Over the holidays, I looked at the data from the watermark listening test. My hypothesis was that the watermark added by Universal Music Group is at least as audible as 128 kbps MP3 compression artifacts. The test results support the hypothesis for certain types of music.
The most important takeaway is that the UMG watermark is an enormous confounding factor for evaluating audio quality of streaming services. The noise of the watermark in Universal content will overwhelm differences in compression quality.

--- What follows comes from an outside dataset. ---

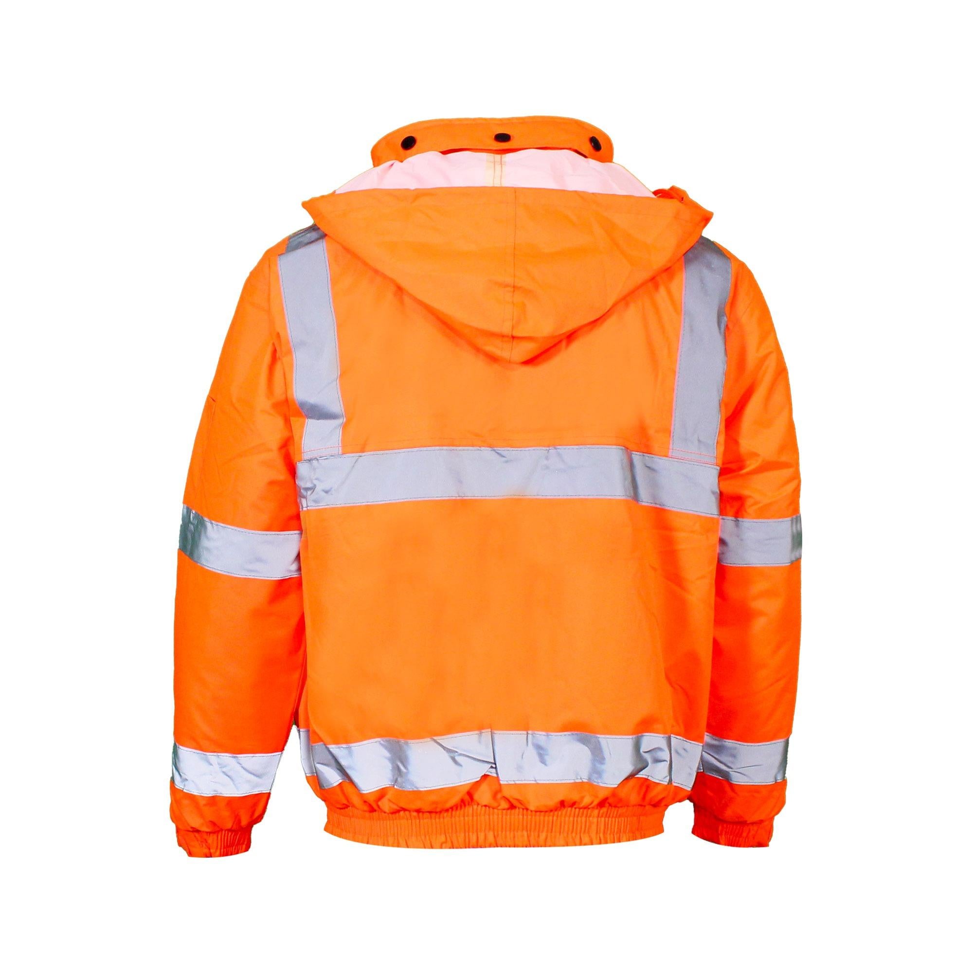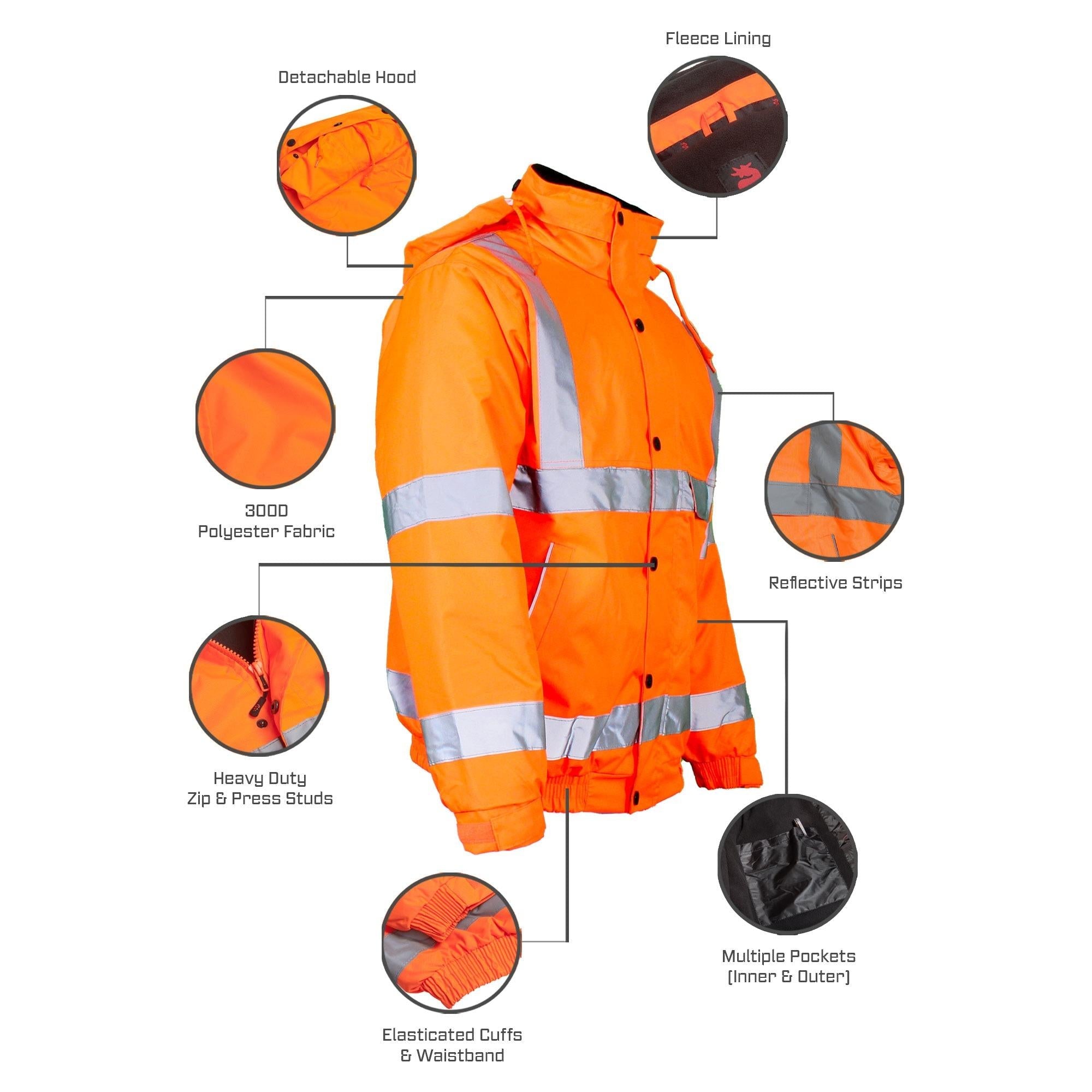 Introducing our Hi Vis Bomber - Fleece Lined, a reliable and high-visibility garment designed to provide warmth, comfort, and visibility in challenging work environments. This bomber jacket is made from 300D polyester fabric with a PU coating for enhanced durability and water resistance.

The listening test asks subjects to identify the watermarked sample from each of 16 pairs. It's similar to this McGill MP3 discrimination test, which makes it useful for comparison. It should be noted that the McGill listening test was administered in a quiet, controlled listening environment with a high-end sound system, so one might expect that subjects taking my test in the wild might not perform as well. Nonetheless, the results of the McGill test are included in the chart (white bars) for reference:
The difference among songs shows that the watermark is highly content-sensitive. At one extreme (Engulfed Cathedral), 163 out of 201 subjects identified the watermark, comparable to a 96 kbps MP3 on the McGill test. At the opposite extreme, users were not able to detect the watermark in electronic music with strong transients (Jongebeer).
The watermark seems particularly problematic for classical and acoustic works. The four worst-performing samples are piano/orchestral music.